DATA TO EXAMINE ▸

* * * * *

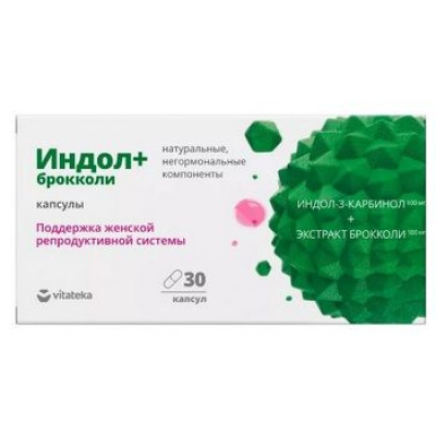 Комплексный продукт, способствующий поддержанию здоровья репродуктивной системы (молочная железа, шейка матки, яичники, эндометрий). Индол-3-карбинол - биологически активное вещество, использующееся для профилактики и борьбы с эстрогензависимыми образованиями и образованиями, вызванными вирусом папилломы человека. Форма выпуска позволяет сохранить вещество в заявленном количестве на протяжении всего срока годности, в то время как природные источники индол-3-карбинола теряют большую часть при длительном хранении и в процессе приготовления пищи. Формула состава обогащена также экстрактом брокколи, способствующим повышению эффективности индол-3-карбинола и усилению его действия.
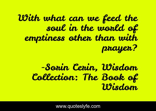 This page presents the quote "With what can we feed the soul in the world of emptiness other than with prayer?". Author of this quote is Sorin Cerin, Wisdom Collection: The Book of Wisdom. This quote is about world, dreamers, love, affection,.
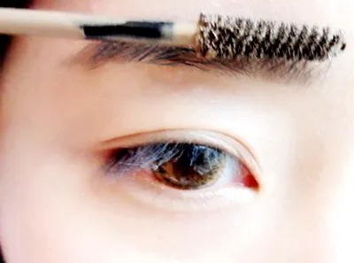 利用深棕色染眉膏顺着眉毛的方向晕染,这样还能整理出干净柔顺的眉妆。
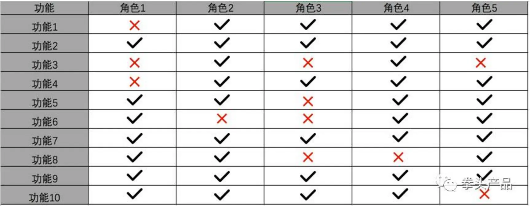 涉及到角色和权限的,需要做一份全面的角色权限表格,方便开发人员参考。››
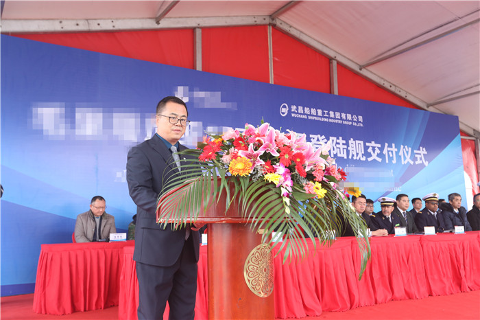 該國海軍參謀長一行、中船重工武船集團副總經理姚勝華及國內相關單位領導參加了交船儀式。
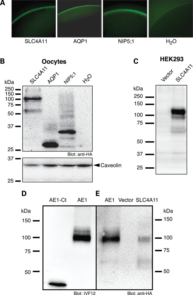 Figure 1. Quantification of SLC4A11 expression. (A) Confocal immunofluorescence of oocytes injected with the indicated RNA transcripts. HA-tagged proteins were detected using mouse anti-HA antibody and visualized using chicken anti-mouse IgG conjugated with Alexa Fluor 488 (green). (B) Oocytes, injected with cRNA encoding HA-epitope tagged SLC4A11, AQP1, NIP5;1 or with water alone were fractionated to produce a membrane-rich extract. Samples corresponding to 10 oocytes were probed on immunoblots with anti-HA antibody and caveolin antibody as a marker of the amount of membrane protein present, to enable measurement of the amount of HA-tagged protein/oocyte. (C) HEK293 cells were transfected with SLC4A11 cDNA or with vector alone were probed on immunoblots with a polyclonal antibody generated in rabbit against a synthetic peptide corresponding to amino acids 37â50 of human SLC4A11, in the putative cytoplasmic N-terminal domain of the protein. (D) AE1-Ct (40 ng protein) and 50 µg of protein from HEK293 cells transfected to express HA-epitope-tagged human AE1 (25) were immunoblotted and probed with mouse monoclonal anti-AE1 antibody, IVF12 (46). Densitometry of the immunoblot revealed the relative amounts of AE1 antigen present in the two preparations. (E) HEK293 cell lysate, containing 60 ng AE1, was electrophoresed along with a lysate of X. laevis oocyte membranes, corresponding to 10 oocytes. Densitometry revealed that each oocyte therefore contains 15 ng SLC4A11, corresponding to 9.1 à 109 SLC4A11/oocyte.
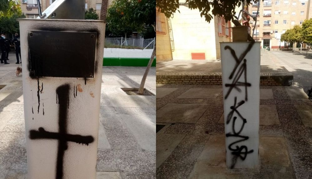 Además de pintar de negro la placa en recuerdo de David Vidal Cala, este individuo ha intentado arrancar la figura con el skate que honra la figura de uno de los primeros skaters de Jerez. Además, en uno de los laterales del muro del monolito ha pintado la palabra Yacuza, una palabra que ha reproducido en muchas paredes del barrio.

* * * * *

WORK TO COMPLETE ▸
Write out each record exactly as shown, but not its pictures.

ANSWER TO THIS PROBLEM ▸
 Комплексный продукт, способствующий поддержанию здоровья репродуктивной системы (молочная железа, шейка матки, яичники, эндометрий). Индол-3-карбинол - биологически активное вещество, использующееся для профилактики и борьбы с эстрогензависимыми образованиями и образованиями, вызванными вирусом папилломы человека. Форма выпуска позволяет сохранить вещество в заявленном количестве на протяжении всего срока годности, в то время как природные источники индол-3-карбинола теряют большую часть при длительном хранении и в процессе приготовления пищи. Формула состава обогащена также экстрактом брокколи, способствующим повышению эффективности индол-3-карбинола и усилению его действия.
 This page presents the quote "With what can we feed the soul in the world of emptiness other than with prayer?". Author of this quote is Sorin Cerin, Wisdom Collection: The Book of Wisdom. This quote is about world, dreamers, love, affection,.
 利用深棕色染眉膏顺着眉毛的方向晕染,这样还能整理出干净柔顺的眉妆。
 涉及到角色和权限的,需要做一份全面的角色权限表格,方便开发人员参考。››
 該國海軍參謀長一行、中船重工武船集團副總經理姚勝華及國內相關單位領導參加了交船儀式。
 Figure 1. Quantification of SLC4A11 expression. (A) Confocal immunofluorescence of oocytes injected with the indicated RNA transcripts. HA-tagged proteins were detected using mouse anti-HA antibody and visualized using chicken anti-mouse IgG conjugated with Alexa Fluor 488 (green). (B) Oocytes, injected with cRNA encoding HA-epitope tagged SLC4A11, AQP1, NIP5;1 or with water alone were fractionated to produce a membrane-rich extract. Samples corresponding to 10 oocytes were probed on immunoblots with anti-HA antibody and caveolin antibody as a marker of the amount of membrane protein present, to enable measurement of the amount of HA-tagged protein/oocyte. (C) HEK293 cells were transfected with SLC4A11 cDNA or with vector alone were probed on immunoblots with a polyclonal antibody generated in rabbit against a synthetic peptide corresponding to amino acids 37â50 of human SLC4A11, in the putative cytoplasmic N-terminal domain of the protein. (D) AE1-Ct (40 ng protein) and 50 µg of protein from HEK293 cells transfected to express HA-epitope-tagged human AE1 (25) were immunoblotted and probed with mouse monoclonal anti-AE1 antibody, IVF12 (46). Densitometry of the immunoblot revealed the relative amounts of AE1 antigen present in the two preparations. (E) HEK293 cell lysate, containing 60 ng AE1, was electrophoresed along with a lysate of X. laevis oocyte membranes, corresponding to 10 oocytes. Densitometry revealed that each oocyte therefore contains 15 ng SLC4A11, corresponding to 9.1 à 109 SLC4A11/oocyte.
 Además de pintar de negro la placa en recuerdo de David Vidal Cala, este individuo ha intentado arrancar la figura con el skate que honra la figura de uno de los primeros skaters de Jerez. Además, en uno de los laterales del muro del monolito ha pintado la palabra Yacuza, una palabra que ha reproducido en muchas paredes del barrio.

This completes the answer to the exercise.